As previously mentioned, the criteria to determine coverage under self-employment tax (Section 1402(a)) is important in determining material participation. The Farmers Tax Guide provides some guidance in landlord/tenant situations, stating that material participation is achieved if one out of the following four tests are met:

1. The landlord does any three of the following:

* Advance, pay or stand good for at least half of the direct costs of producing the crop;

* Furnish at least half the tools, equipment and livestock used in producing the crop;

* Consult with his tenant; and

* Inspect the production activities periodically.

2. The landlord regularly and frequently makes, or takes an important part in, managerial decisions which substantially contribute to or affect the success of the enterprise.

3. The landlord works 100 hours or more spread over a period of at least five weeks in activities connected with crop production.

4. The landlord does things that in the aggregate indicate a material and significant involvement in the production of the farm commodities.(35)

Judicial Decisions - Qualified Use

In the Estate of Sherrod v. Comm'r, the decedent owned 1,478 acres of land, most of which was in timber. The IRS claimed that the managerial activity was not sufficiently extensive, since the decedent and his trustee had not constructed fire trails, pruned dead growth and thinned the timber. Finally, the IRS argued that the managerial functions did not consume much time.(36)

The Tax Court rejected all of these arguments, noting that there was an active farm business consisting of the planting, growing, cultivating and caring of timber. In support of this decision, the court noted that the decedent:

* Paid the local property taxes each year;

* Inspected the timberland several times each year;

* Regularly determined what needed to be done to protect the timber from trespassers, fire, insects and disease;

* Each year negotiated the rental agreements; and

* Decided whether he should permit his investment to remain in the acreage.(37)

Ultimately, the Eleventh Circuit reversed the Tax Court decision due to the presence of crop land and pasture land that did not qualify.
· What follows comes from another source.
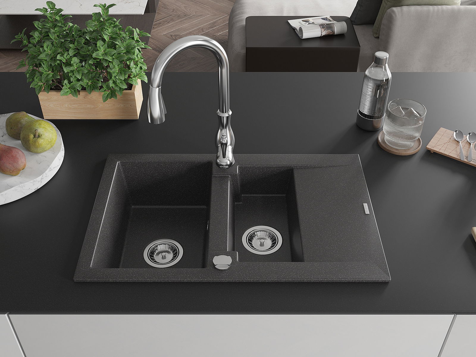 Mexen Gaspar νεροχύτης γρανίτης 1,5 θαλάμων με αποστραγγιστική επιφάνεια

However, the Eleventh Circuit did not change the position of the Tax Court on the eligibility of the timberland.(38)

In Estate of Abell v. Comr.,(39) the decedent leased her ranch for a fixed sum. The decedent lived on the ranch and was primarily responsible for maintenance and repair of the fences, wells, corrals, buildings and windmills. The court ruled that the ranch was not used for the qualified use, citing the House Ways and Means Committee report,(40) which stated that the mere passive rental of property will not qualify.

In this case it appears that the petitioner was unimaginative, while the court was overly restrictive in determining qualified use. In reality, there were two separate businesses being conducted on the ranch: the raising of cattle and the raising and selling of grass. The decedent was only incidentally involved in the first business but was certainly materially involved in the business of raising grass.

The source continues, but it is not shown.